EUA em Novembro, Portugal em Janeiro
Mais uma vez, as eleições americanas serão um laboratório de aprendizagem para os nossos aprendizes de feiticeiros nas redes sociais e as nossas próximas eleições presidenciais serão o próximo passo lógico na construção da desinformação eleitoral em Portugal. Daí que não seja apenas importante quem vence nos EUA, mas também como se vence e perde.
O escândalo de há quatro anos envolvendo a Cambridge Analytica, o Facebook e a evidente manipulação de dados pessoais de milhões de Americanos para fins de campanha política evidenciou duas questões: primeiro, que os dados que inadvertidamente autorizamos empresas tecnológicas a deter podem e são usados para fazer micro-targeting em nós e, segundo, que estas mesmas empresas tecnológicas, não obstante o seu impacto mundial, não deixam de ser instituições privadas cujo fim último é o lucro.
A narrativa mediática construída concentrou-se em dois atores bem identificados, o Facebook e a Cambridge Analytica, e deixou de fora várias outras empresas tecnológicas com o mesmo tipo de práticas. O RGPD criou na Europa uma falsa sensação de segurança quando a realidade, que todos conhecemos, é que é praticamente impossível operar como cidadão digital sem ceder os nossos dados a terceiros.

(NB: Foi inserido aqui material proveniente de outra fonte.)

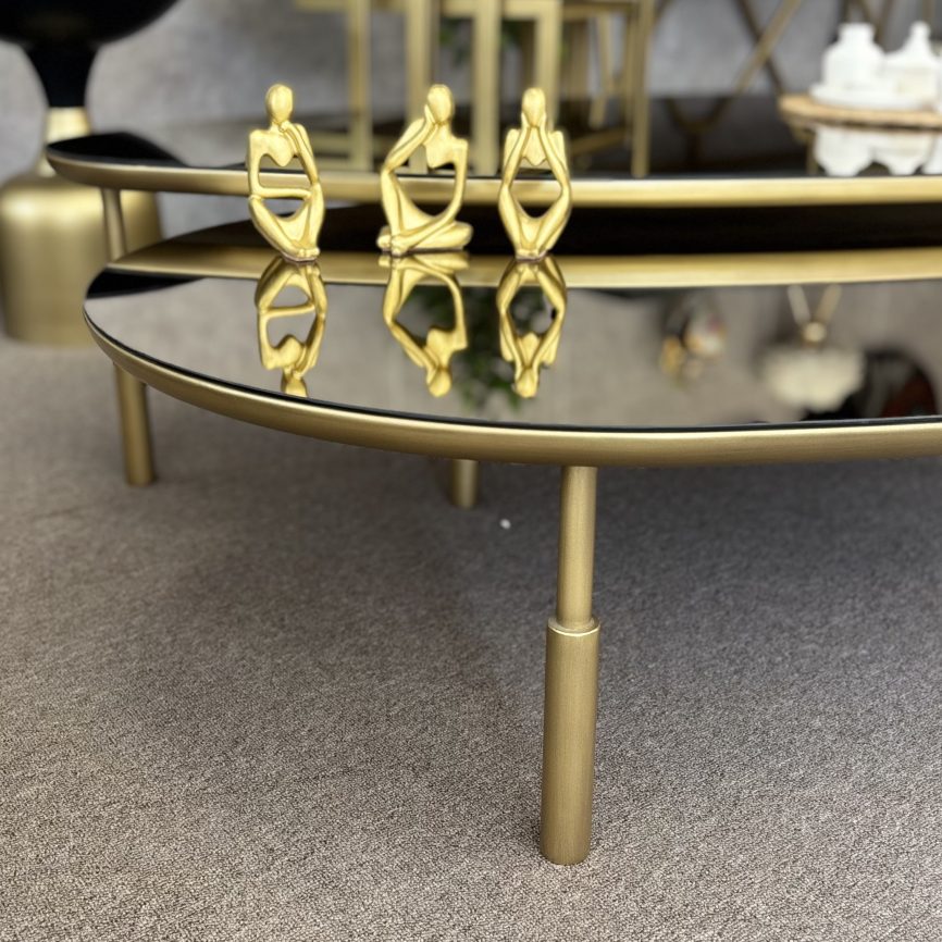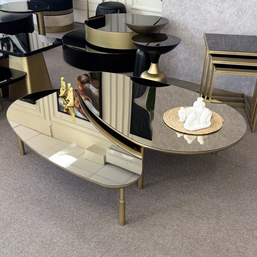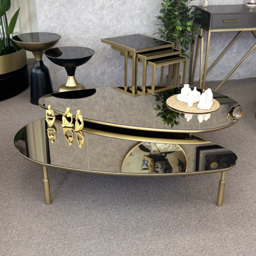 Metal ayakları ve renkli ayna/lake MDF üst tablası ile şık ve estetik bir görünüme sahip olan bu sehpa takımı, modern mekanlar için ideal bir seçenektir. İki farklı boyutta tasarlanmış parçaları dilerseniz birlikte, dilerseniz evinizin farklı alanlarında konumlandırabilirsiniz.
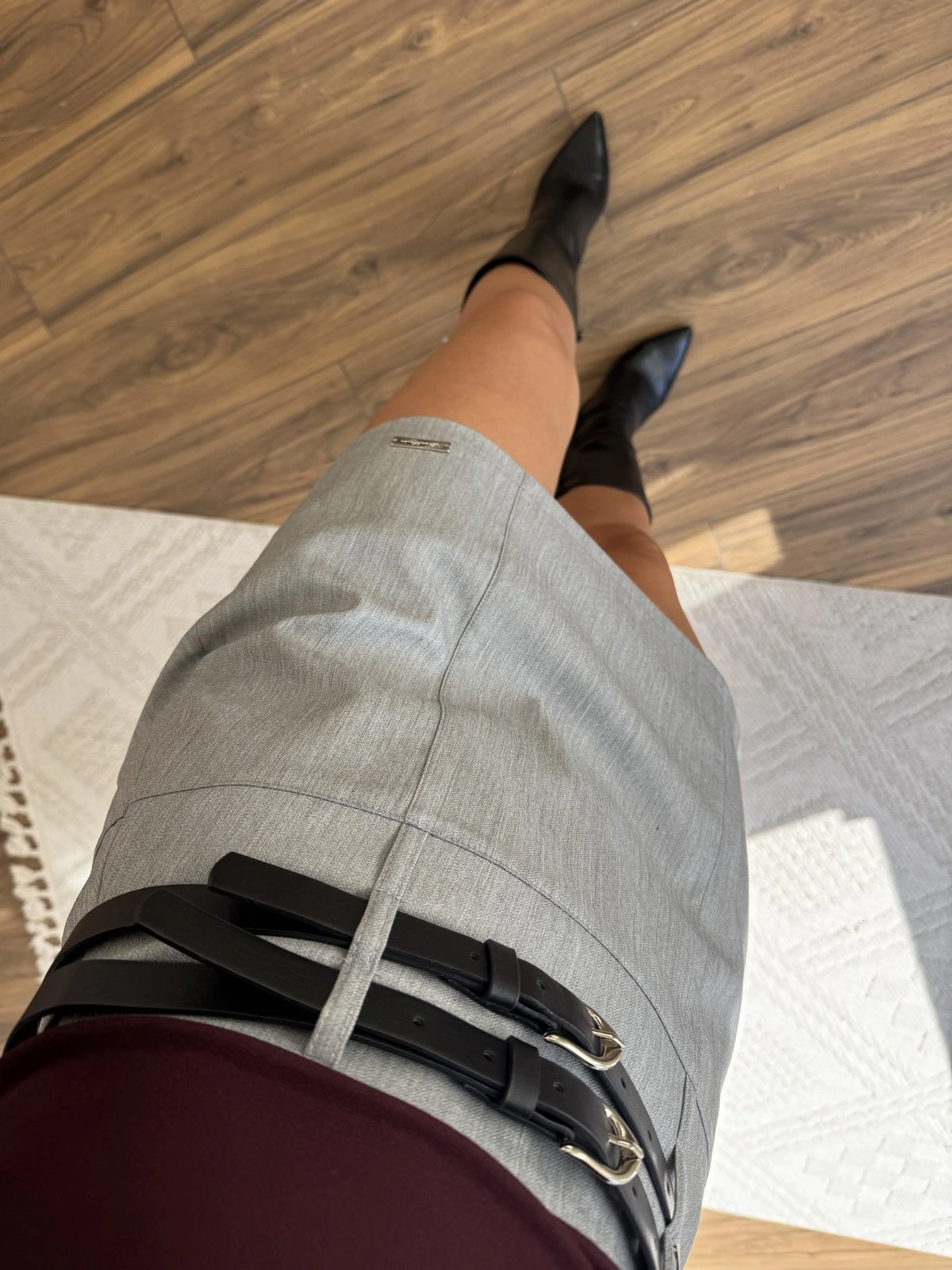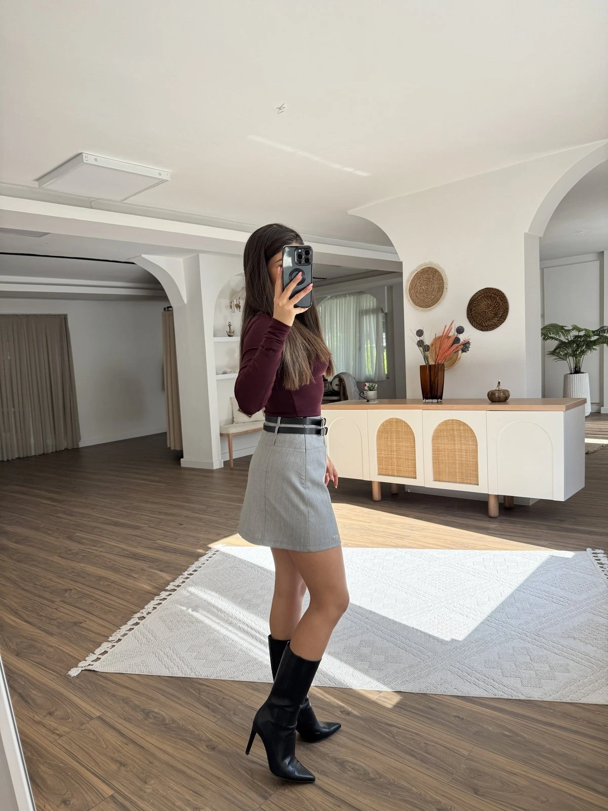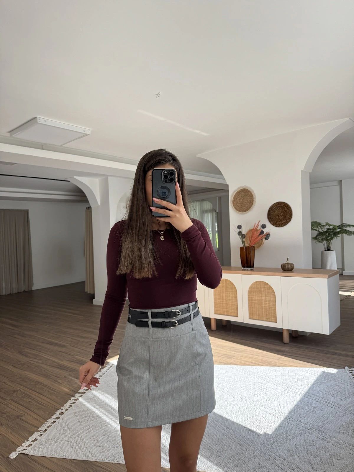 ÇİFT KEMER MİNİ KUMAŞ ETEK – GRİ
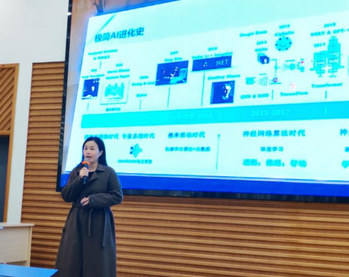 刘玲娟老师的主题汇报《AI赋能,构建智慧课堂》,从极简Ai的进化史到解锁了教——学——评的创新密码,让聆听的老师倍感收获。刘老师认为在AI融入教学的初期,有必要结合AI的特色,对“教”“学”“评”三者的关系及认识予以重新定位。AI融入教学的“教”,由原先的“师-生”二维对话模式,转为“师-机-生”的三维模型;AI融入课堂的“学”,指向让学生的学习拓展更多角度,提升更多空间;AI的嵌入,让“评”变得更及时,反馈更加个性化。
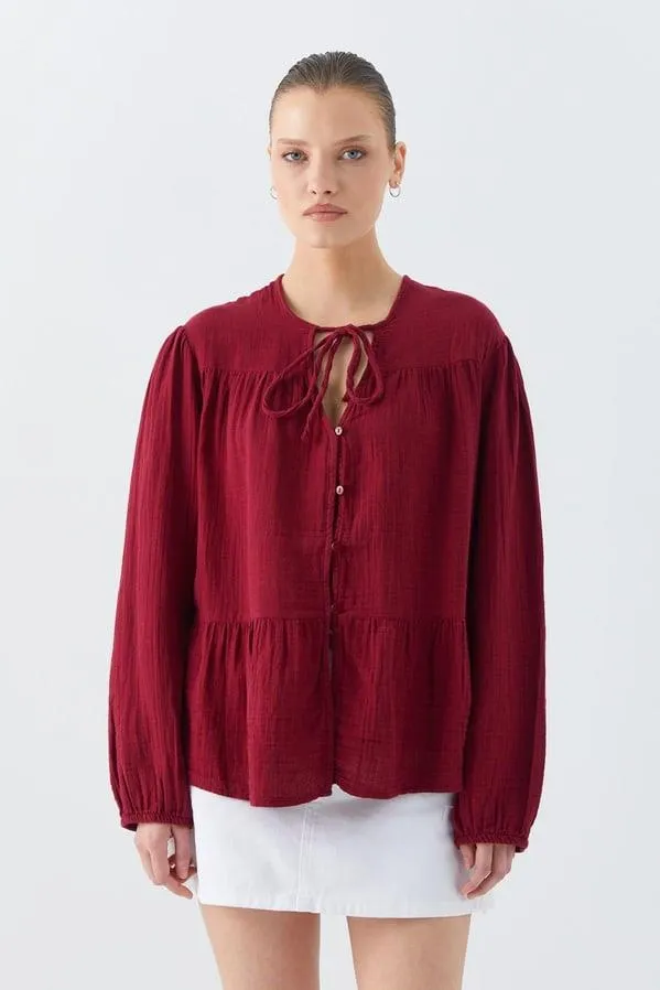 قميص سادة بأكمام طويلة للنساء

No presente debate sobre desinformação e as eleições americanas deste mês, a herança do escândalo de há quatro anos é evidente e a principal preocupação dos especialistas, plataformas e instituições governamentais parece ser impedir que a história se repita. Nos últimos meses assistimos a uma vasta abertura e extensão de apoios do Facebook à academia e aos investigadores de desinformação em particular. Acompanham-se as discussões diárias nas redes sociais à procura de ações orquestradas de desinformação e possíveis campanhas de manipulação com base em dados pessoais. Todos à procura do que já conhecem, num silogismo que reconhecemos nas horas perdidas em segurança aeroportuária com medo de outro 11 de Setembro.
Ora, numa estrutura celular e orgânica como as redes de terrorismo, com uma hierarquia difusa e muitas vezes inexistente, faz sentido a preocupação com as réplicas. No caso da manipulação de eleições por parte de entidades estrangeiras e atores nacionais, que já demonstraram capacidade, motivação e criatividade para o fazer uma vez, focar apenas numa ação semelhante talvez seja subestimar o outro lado.
Nesse sentido, parece curioso que não exista muita preocupação relativamente às plataformas de mensagens, nomeadamente o Facebook Messenger e o WhatsApp, ambos propriedade do Facebook e que têm cerca de 133 e 68 milhões de utilizadores, nos Estados Unidos, um país com aproximadamente 330 milhões de habitantes.
A tecnologia necessária para enviar milhões de mensagens a um grupo de utilizadores existe. A pandemia cria o clima para a busca de verdades simples e salvadoras ao virar da esquina. A existência de dados pessoais sobre os nossos padrões de vida e a sua ligação ao nosso número de telefone é indiscutível. É verdade que as mensagens não permitem a divulgação em escala de uma rede social, mas a privacidade e a inexistência de um moderador permitem a um actor malicioso concretizar três objetivos essenciais na manipulação eleitoral: primeiro, chegar ao seu público alvo sem correr o risco da linha de comunicação ser cortada; segundo, impedir ou dificultar que as instituições respondam atempadamente com uma contra-narrativa, porque poderão aperceber-se já tarde demais; terceiro, uma vez identificada a campanha, não há qualquer tipo de capacidade de remover o conteúdo ou impedir a sua viralidade. Se aliarmos a isto o desenvolvimento da capacidade dos vídeos deep fake, em que mesmo o utilizador mais astuto terá dificuldade em distinguir a realidade da ficção, estaremos perante uma possível tempestade perfeita.
Mais uma vez, as eleições americanas serão um laboratório de aprendizagem para os nossos aprendizes de feiticeiros nas redes sociais e as nossas próximas eleições presidenciais serão o próximo passo lógico na construção da desinformação eleitoral em Portugal. Daí que não seja apenas importante quem vence nos EUA, mas também como se vence e perde.